__Data provided__.
*-*-*

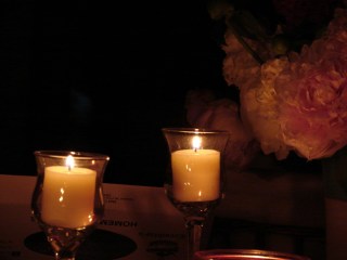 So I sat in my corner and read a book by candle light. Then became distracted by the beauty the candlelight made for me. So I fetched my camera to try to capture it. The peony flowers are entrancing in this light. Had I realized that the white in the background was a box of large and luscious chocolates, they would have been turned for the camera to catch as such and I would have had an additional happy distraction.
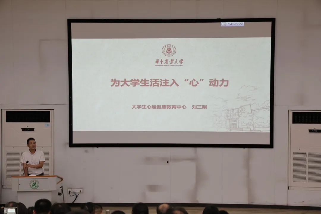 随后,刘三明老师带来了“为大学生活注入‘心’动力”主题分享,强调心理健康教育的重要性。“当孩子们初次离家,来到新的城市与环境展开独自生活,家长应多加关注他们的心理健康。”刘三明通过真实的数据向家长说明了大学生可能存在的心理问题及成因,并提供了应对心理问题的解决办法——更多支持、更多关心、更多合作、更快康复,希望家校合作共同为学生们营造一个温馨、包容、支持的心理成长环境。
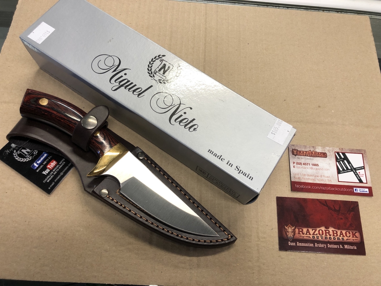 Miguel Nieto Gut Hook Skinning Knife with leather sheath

*-*-*

__Brief__. Leaving the pictures aside, transcribe the entire listing exactly.

__Exercise output__.
 So I sat in my corner and read a book by candle light. Then became distracted by the beauty the candlelight made for me. So I fetched my camera to try to capture it. The peony flowers are entrancing in this light. Had I realized that the white in the background was a box of large and luscious chocolates, they would have been turned for the camera to catch as such and I would have had an additional happy distraction.
 随后,刘三明老师带来了“为大学生活注入‘心’动力”主题分享,强调心理健康教育的重要性。“当孩子们初次离家,来到新的城市与环境展开独自生活,家长应多加关注他们的心理健康。”刘三明通过真实的数据向家长说明了大学生可能存在的心理问题及成因,并提供了应对心理问题的解决办法——更多支持、更多关心、更多合作、更快康复,希望家校合作共同为学生们营造一个温馨、包容、支持的心理成长环境。
 Miguel Nieto Gut Hook Skinning Knife with leather sheath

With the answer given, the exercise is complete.